## REQUIREMENT
Below are records with pictures. Reproduce exactly the lines from the line with "AMBIENTES E ESTRUTURAS" to the line with "JEAN-JACQUES HENNER, Paysage", inclusive, and leave each picture out.

Extracted records
================================

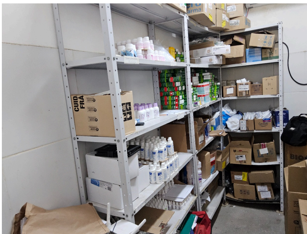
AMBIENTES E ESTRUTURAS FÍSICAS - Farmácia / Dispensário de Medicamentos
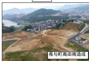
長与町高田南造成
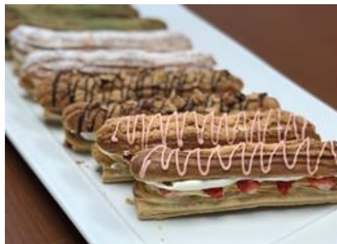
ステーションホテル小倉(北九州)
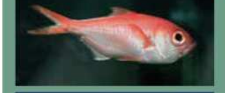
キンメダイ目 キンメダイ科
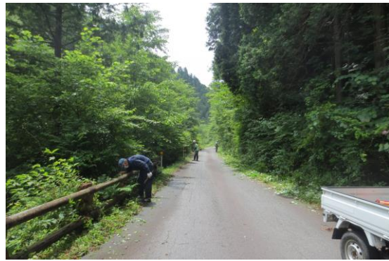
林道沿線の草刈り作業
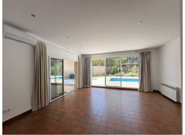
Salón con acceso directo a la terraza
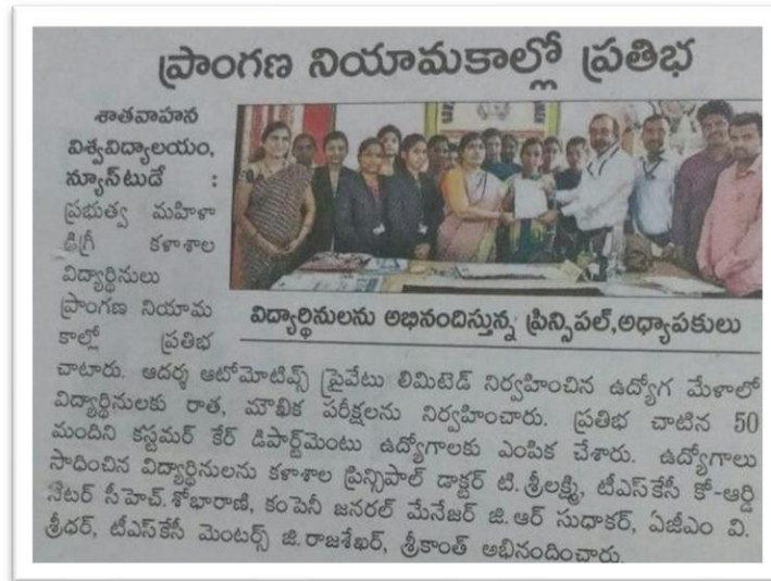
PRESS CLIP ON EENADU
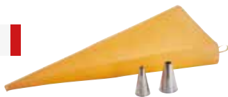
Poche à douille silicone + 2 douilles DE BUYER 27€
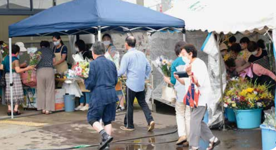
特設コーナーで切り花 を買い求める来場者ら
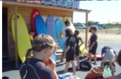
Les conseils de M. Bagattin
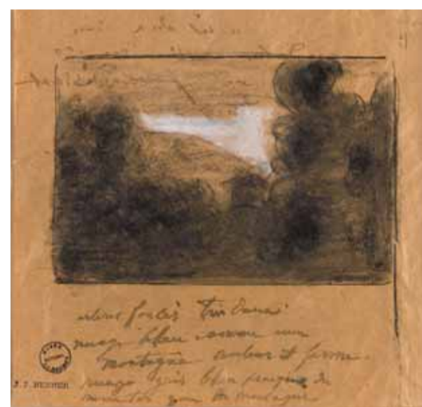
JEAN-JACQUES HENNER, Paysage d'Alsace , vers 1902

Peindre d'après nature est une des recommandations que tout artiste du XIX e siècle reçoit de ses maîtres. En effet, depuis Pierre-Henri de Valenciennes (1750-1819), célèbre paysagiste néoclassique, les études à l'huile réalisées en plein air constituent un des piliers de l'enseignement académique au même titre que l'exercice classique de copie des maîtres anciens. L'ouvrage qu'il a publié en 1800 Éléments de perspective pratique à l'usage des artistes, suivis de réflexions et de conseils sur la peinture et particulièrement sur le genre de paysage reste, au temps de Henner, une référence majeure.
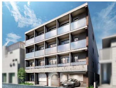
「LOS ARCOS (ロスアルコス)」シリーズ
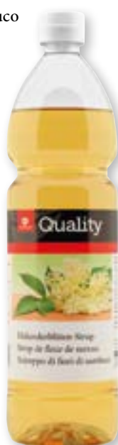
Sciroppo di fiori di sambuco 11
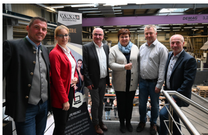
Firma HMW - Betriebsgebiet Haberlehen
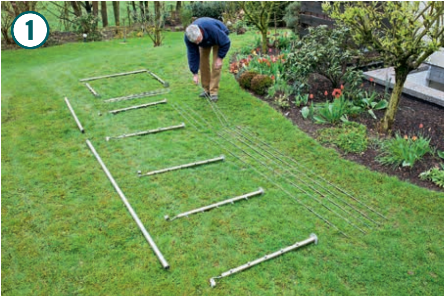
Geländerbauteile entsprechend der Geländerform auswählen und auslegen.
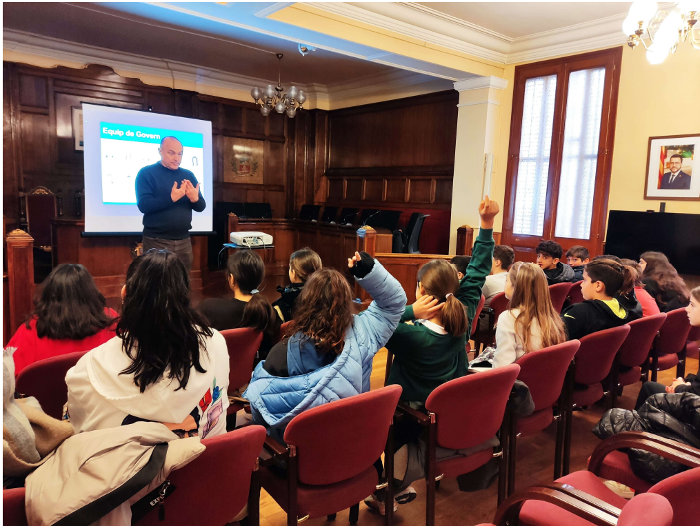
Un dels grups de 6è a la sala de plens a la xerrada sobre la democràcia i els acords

================================

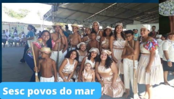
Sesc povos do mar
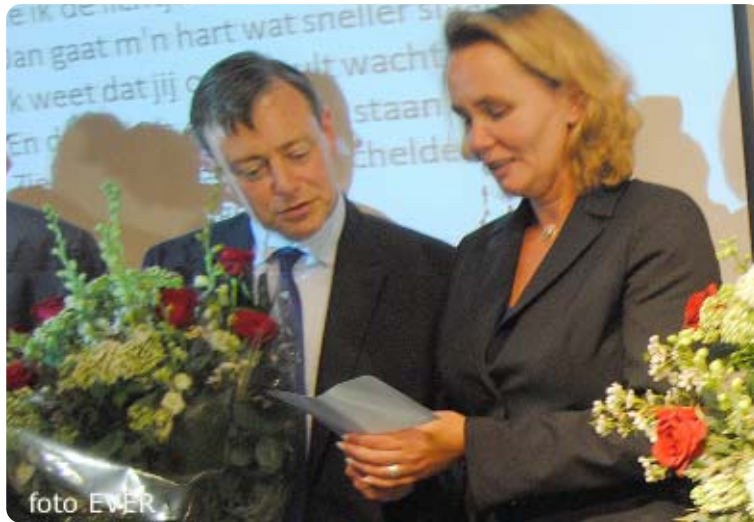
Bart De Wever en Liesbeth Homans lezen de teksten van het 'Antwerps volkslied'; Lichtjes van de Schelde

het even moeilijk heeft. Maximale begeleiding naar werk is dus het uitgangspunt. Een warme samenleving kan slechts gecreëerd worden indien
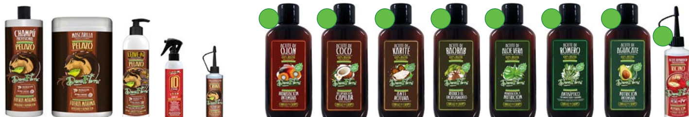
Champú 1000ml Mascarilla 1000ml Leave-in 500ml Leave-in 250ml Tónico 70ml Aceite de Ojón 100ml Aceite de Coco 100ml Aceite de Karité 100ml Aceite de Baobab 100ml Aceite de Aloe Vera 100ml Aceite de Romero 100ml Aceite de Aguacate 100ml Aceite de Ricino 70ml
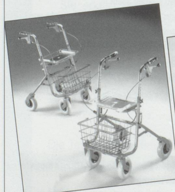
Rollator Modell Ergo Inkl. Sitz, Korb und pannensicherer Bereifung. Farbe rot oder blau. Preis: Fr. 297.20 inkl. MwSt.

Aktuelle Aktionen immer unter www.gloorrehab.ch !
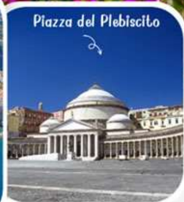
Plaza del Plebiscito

================================

## ANSWER AREA
AMBIENTES E ESTRUTURAS FÍSICAS - Farmácia / Dispensário de Medicamentos
長与町高田南造成
ステーションホテル小倉(北九州)
キンメダイ目 キンメダイ科
林道沿線の草刈り作業
Salón con acceso directo a la terraza
PRESS CLIP ON EENADU
Poche à douille silicone + 2 douilles DE BUYER 27€
特設コーナーで切り花 を買い求める来場者ら
Les conseils de M. Bagattin
JEAN-JACQUES HENNER, Paysage d'Alsace , vers 1902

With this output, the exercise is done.